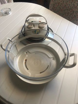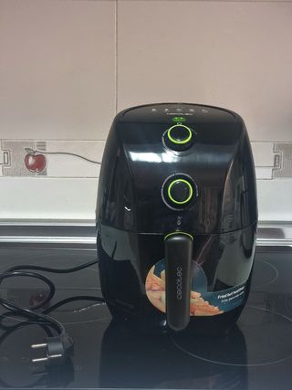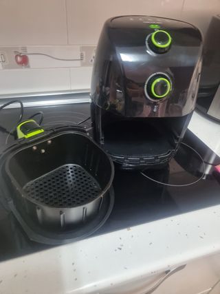 Freidora de aire cecotec de 1,5 L .Como nueva muy poco uso funciona perfectamente .Con su libro de instrucciones y recetas 900 w temperatura máxima 200°.
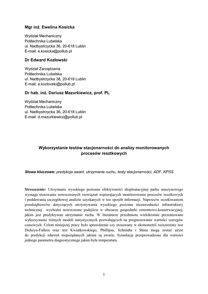 Mgr inż. Ewelina Kosicka Wydział Mechaniczny Politechnika Lubelska ul. Nadbystrzycka 36, 20-618 Lublin E-mail: [email protected] Dr Edward Kozłowski Wydział Zarządzania Politechnika Lubelska ul. Nadbystrzycka 38, 20-618 Lublin E-mail: [email protected] Dr hab. inż. Dariusz Mazurkiewicz, prof. PL Wydział Mechaniczny Politechnika Lubelska ul. Nadbystrzycka 36, 20-618 Lublin E-mail: [email protected] Wykorzystanie testów stacjonarności do analizy monitorowanych procesów resztkowych Słowa kluczowe: predykcja awarii, utrzymanie ruchu, testy stacjonarności, ADF, KPSS Streszczenie: Utrzymanie wysokiego poziomu efektywności eksploatacyjnej parku maszynowego wymaga stosowania nowoczesnych rozwiązań wspierających monitorowanie procesów resztkowych i poddawania szczegółowej analizie uzyskanych w ten sposób informacji. Naprzeciw oczekiwaniom przedsiębiorców dotyczących utrzymywania wysokiego poziomu niezawodności infrastruktury technicznej wychodzi nowoczesne podejście w obszarze gospodarki remontowo-konserwacyjnej, jakim jest predyktywne utrzymanie ruchu. W literaturze przedmiotu wielokrotnie prezentowano wykorzystanie różnych modeli statystycznych pozwalających na prognozowanie wartości szeregów czasowych. Celem niniejszej pracy było sprawdzenie czy stosowany w ekonometrii rozszerzony test Dickeya-Fullera oraz test Kwiatkowskiego, Phillipsa, Schmidta i Shina mogą zostać użyte do predykcji zdarzeń niepożądanych jakimi są awarie. Symulację przeprowadzono dla wartości jednego parametru diagnostycznego jakim była temperatura. 1 1. Wstęp Dotrzymywanie zobowiązań wobec kontrahentów jest jednym z czynników wpływających na poziom efektywności eksploatacyjnej w przedsiębiorstwie. Zatem jednym ze strategicznych zadań firm jest punktualna dostawa produktów w określonej ilości i jakości. Zastosowanie nowoczesnych technologii wytwarzania oraz wysoki poziom skomplikowania procesów produkcyjnych pozwala na precyzyjną realizację zleconych zadań, ale także stanowi problem związany z utrzymaniem niezawodności wyposażenia produkcyjnego. Z tego powodu wzrasta znaczenie działań wspomagających prace działu utrzymania ruchu (UR) (wyposażenie produkcyjne musi być stale sprawne eksploatacyjnie poprzez kontrolę nad stanem technicznym maszyn i urządzeń). Jak definiuje Legutko [1] , eksploatacja jest ogółem zjawisk, procesów, zdarzeń, jakie zachodzą w czasie istnienia urządzenia od chwili jego wyprodukowania do chwili jego kasacji. Pojęcie efektywności w odniesieniu do UR rozumiane jest jako właściwość ludzi bądź też obiektów technicznych, która opisuje spełnianie przez nich wymagań w różnym kontekście (m.in. niezawodnościowym, ekonomicznym czy jakościowym). Efektywność eksploatacyjna jest ilorazem efektów uzyskanych w ustalonym przedziale czasu trwania określonego stanu obiektu eksploatacji do nakładów poniesionych na uzyskanie tych efektów. Wzrost efektywności eksploatacyjnej maszyn poprzez przewidywanie awarii i przywracanie pełnej sprawności systemu produkcyjnego pozwala na terminową realizację zamówień, co z kolei przekłada się na efekty finansowe przedsiębiorstw. Jest to istotne zwłaszcza w warunkach ostrej konkurencji, gdzie ciągłe doskonalenie systemów wytwarzania, rozwój stosowanych technologii oraz automatyzacja produkcji stanowi klucz do sukcesu przedsiębiorstwa. Wzrost zainteresowania rozwijającą się współcześnie strategią predyktywnego utrzymania ruchu oraz pojawiający się w przedsiębiorstwach problem niewykorzystanych zbiorów danych pochodzących z systemów monitorujących pracę parku maszynowego stał się dla autorów podstawą do podjęcia działań zmierzających ku weryfikacji skuteczności przewidywania awarii przy wykorzystaniu testów stacjonarności. W przypadku wykrycia niepokojących objawów dodatkowo wyznaczono resztkowy czas pracy urządzeń. Sezonowe zmiany warunków otoczenia mogą negatywnie wpływać na wartości obserwowanych parametrów stanu, a tym samym na skuteczność prognoz opracowanych przy wykorzystaniu testów stacjonarności. W takim wypadku należy przedstawić założenia badanych sygnałów (w jaki sposób zmiana warunków otoczenia wpływa na wartości wektora obserwacji). Prowadzona symulacja zakłada utrzymanie stałych warunków temperaturowych otoczenia, stąd nie uwzględniono jej oddziaływania na niestacjonarność . 2. Wpływ działań podejmowanych w obszarze UR na efektywność eksploatacyjną Obserwacje prowadzone w obszarze utrzymania ruchu pokazują, że w większości przedsiębiorstw dominuje podejście polegające na prowadzeniu napraw maszyn i urządzeń dopiero po awariach, w wyniku czego czas przeznaczony na prace reakcyjne przewyższa czas poświęcony na prace planowane. Skutkuje to obniżeniem poziomu efektywności 2 eksploatacyjnej. Ponadto zły stan infrastruktury technicznej ma wpływ na redukcję produktywności, generując przy tym dodatkowe straty. Działania podejmowane w ramach poprawy efektywności funkcjonowania przedsiębiorstw powinny zatem uwzględniać między innymi eliminację marnotrawstwa w postaci nieefektywnej pracy maszyn i pracowników utrzymania ruchu. Wskaźniki umieszczone w normie EN15341 [29], które pozwalają na określenie efektywności SUR, mogą stanowi pomoc w weryfikacji skuteczności realizowanych usprawnień [23]. Jednym z najbardziej popularnych wskaźników stosowanych w tym celu jest OEE (ang. Overall Equipment Effectiveness) [1,20,19]. Rozważania prowadzone nad poprawą funkcjonowania działu gospodarką remontowo-konserwacyjną wskazują dodatkowo na powiązania poziomu efektywności eksploatacyjnej z doborem właściwej jego struktury [20,23]. Działania podejmowane na poziomie utrzymania ruchu mają na celu: - zachowanie określonej jakości wyrobów/usług, - maksymalne wydłużenie okresu użytkowania wyposażenia produkcyjnego, - zapewnienie warunków pozwalających na bezpieczną
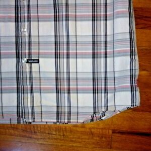Men's Ecko Unltd. Classic material plaid button down shirt w/pocket size medium White pink gray. Short sleeves. Relaxed fit. left pocket.
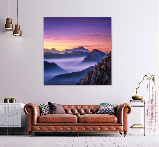 Square Canvas Alpine Mountain Valley Clouds View High Quality Print 100% Australian Made
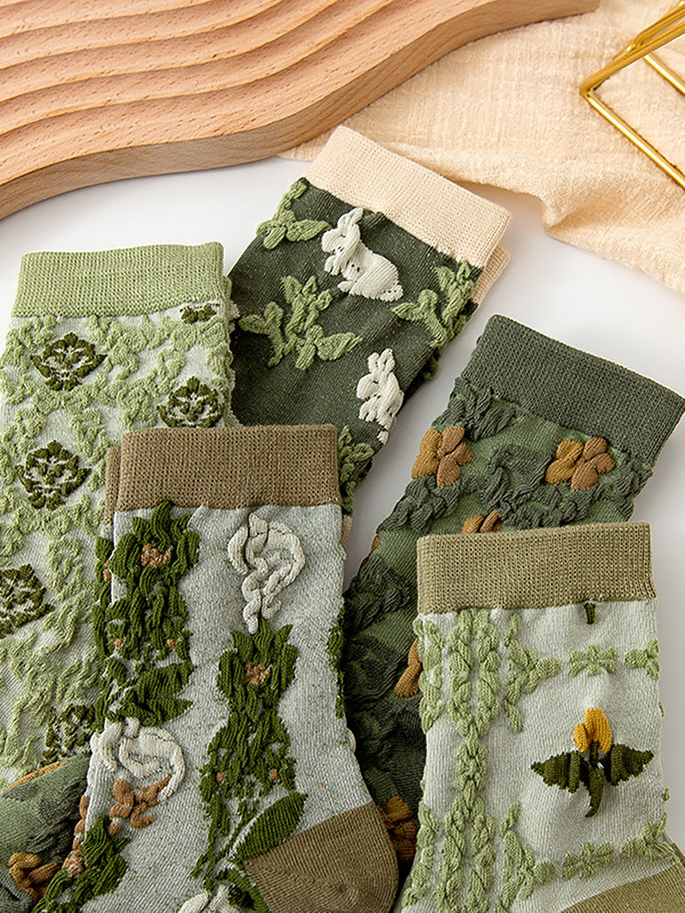 5 pares meninas meias de estilo de quadra floral vintage

++++

■ WHAT THE TASK ASKS ■
Repeat the listing above exactly, with no pictures.

■ RESPONSE FOR THIS EXERCISE ■
 Freidora de aire cecotec de 1,5 L .Como nueva muy poco uso funciona perfectamente .Con su libro de instrucciones y recetas 900 w temperatura máxima 200°.
 Mgr inż. Ewelina Kosicka Wydział Mechaniczny Politechnika Lubelska ul. Nadbystrzycka 36, 20-618 Lublin E-mail: [email protected] Dr Edward Kozłowski Wydział Zarządzania Politechnika Lubelska ul. Nadbystrzycka 38, 20-618 Lublin E-mail: [email protected] Dr hab. inż. Dariusz Mazurkiewicz, prof. PL Wydział Mechaniczny Politechnika Lubelska ul. Nadbystrzycka 36, 20-618 Lublin E-mail: [email protected] Wykorzystanie testów stacjonarności do analizy monitorowanych procesów resztkowych Słowa kluczowe: predykcja awarii, utrzymanie ruchu, testy stacjonarności, ADF, KPSS Streszczenie: Utrzymanie wysokiego poziomu efektywności eksploatacyjnej parku maszynowego wymaga stosowania nowoczesnych rozwiązań wspierających monitorowanie procesów resztkowych i poddawania szczegółowej analizie uzyskanych w ten sposób informacji. Naprzeciw oczekiwaniom przedsiębiorców dotyczących utrzymywania wysokiego poziomu niezawodności infrastruktury technicznej wychodzi nowoczesne podejście w obszarze gospodarki remontowo-konserwacyjnej, jakim jest predyktywne utrzymanie ruchu. W literaturze przedmiotu wielokrotnie prezentowano wykorzystanie różnych modeli statystycznych pozwalających na prognozowanie wartości szeregów czasowych. Celem niniejszej pracy było sprawdzenie czy stosowany w ekonometrii rozszerzony test Dickeya-Fullera oraz test Kwiatkowskiego, Phillipsa, Schmidta i Shina mogą zostać użyte do predykcji zdarzeń niepożądanych jakimi są awarie. Symulację przeprowadzono dla wartości jednego parametru diagnostycznego jakim była temperatura. 1 1. Wstęp Dotrzymywanie zobowiązań wobec kontrahentów jest jednym z czynników wpływających na poziom efektywności eksploatacyjnej w przedsiębiorstwie. Zatem jednym ze strategicznych zadań firm jest punktualna dostawa produktów w określonej ilości i jakości. Zastosowanie nowoczesnych technologii wytwarzania oraz wysoki poziom skomplikowania procesów produkcyjnych pozwala na precyzyjną realizację zleconych zadań, ale także stanowi problem związany z utrzymaniem niezawodności wyposażenia produkcyjnego. Z tego powodu wzrasta znaczenie działań wspomagających prace działu utrzymania ruchu (UR) (wyposażenie produkcyjne musi być stale sprawne eksploatacyjnie poprzez kontrolę nad stanem technicznym maszyn i urządzeń). Jak definiuje Legutko [1] , eksploatacja jest ogółem zjawisk, procesów, zdarzeń, jakie zachodzą w czasie istnienia urządzenia od chwili jego wyprodukowania do chwili jego kasacji. Pojęcie efektywności w odniesieniu do UR rozumiane jest jako właściwość ludzi bądź też obiektów technicznych, która opisuje spełnianie przez nich wymagań w różnym kontekście (m.in. niezawodnościowym, ekonomicznym czy jakościowym). Efektywność eksploatacyjna jest ilorazem efektów uzyskanych w ustalonym przedziale czasu trwania określonego stanu obiektu eksploatacji do nakładów poniesionych na uzyskanie tych efektów. Wzrost efektywności eksploatacyjnej maszyn poprzez przewidywanie awarii i przywracanie pełnej sprawności systemu produkcyjnego pozwala na terminową realizację zamówień, co z kolei przekłada się na efekty finansowe przedsiębiorstw. Jest to istotne zwłaszcza w warunkach ostrej konkurencji, gdzie ciągłe doskonalenie systemów wytwarzania, rozwój stosowanych technologii oraz automatyzacja produkcji stanowi klucz do sukcesu przedsiębiorstwa. Wzrost zainteresowania rozwijającą się współcześnie strategią predyktywnego utrzymania ruchu oraz pojawiający się w przedsiębiorstwach problem niewykorzystanych zbiorów danych pochodzących z systemów monitorujących pracę parku maszynowego stał się dla autorów podstawą do podjęcia działań zmierzających ku weryfikacji skuteczności przewidywania awarii przy wykorzystaniu testów stacjonarności. W przypadku wykrycia niepokojących objawów dodatkowo wyznaczono resztkowy czas pracy urządzeń. Sezonowe zmiany warunków otoczenia mogą negatywnie wpływać na wartości obserwowanych parametrów stanu, a tym samym na skuteczność prognoz opracowanych przy wykorzystaniu testów stacjonarności. W takim wypadku należy przedstawić założenia badanych sygnałów (w jaki sposób zmiana warunków otoczenia wpływa na wartości wektora obserwacji). Prowadzona symulacja zakłada utrzymanie stałych warunków temperaturowych otoczenia, stąd nie uwzględniono jej oddziaływania na niestacjonarność . 2. Wpływ działań podejmowanych w obszarze UR na efektywność eksploatacyjną Obserwacje prowadzone w obszarze utrzymania ruchu pokazują, że w większości przedsiębiorstw dominuje podejście polegające na prowadzeniu napraw maszyn i urządzeń dopiero po awariach, w wyniku czego czas przeznaczony na prace reakcyjne przewyższa czas poświęcony na prace planowane. Skutkuje to obniżeniem poziomu efektywności 2 eksploatacyjnej. Ponadto zły stan infrastruktury technicznej ma wpływ na redukcję produktywności, generując przy tym dodatkowe straty. Działania podejmowane w ramach poprawy efektywności funkcjonowania przedsiębiorstw powinny zatem uwzględniać między innymi eliminację marnotrawstwa w postaci nieefektywnej pracy maszyn i pracowników utrzymania ruchu. Wskaźniki umieszczone w normie EN15341 [29], które pozwalają na określenie efektywności SUR, mogą stanowi pomoc w weryfikacji skuteczności realizowanych usprawnień [23]. Jednym z najbardziej popularnych wskaźników stosowanych w tym celu jest OEE (ang. Overall Equipment Effectiveness) [1,20,19]. Rozważania prowadzone nad poprawą funkcjonowania działu gospodarką remontowo-konserwacyjną wskazują dodatkowo na powiązania poziomu efektywności eksploatacyjnej z doborem właściwej jego struktury [20,23]. Działania podejmowane na poziomie utrzymania ruchu mają na celu: - zachowanie określonej jakości wyrobów/usług, - maksymalne wydłużenie okresu użytkowania wyposażenia produkcyjnego, - zapewnienie warunków pozwalających na bezpieczną
Men's Ecko Unltd. Classic material plaid button down shirt w/pocket size medium White pink gray. Short sleeves. Relaxed fit. left pocket.
 Square Canvas Alpine Mountain Valley Clouds View High Quality Print 100% Australian Made
 5 pares meninas meias de estilo de quadra floral vintage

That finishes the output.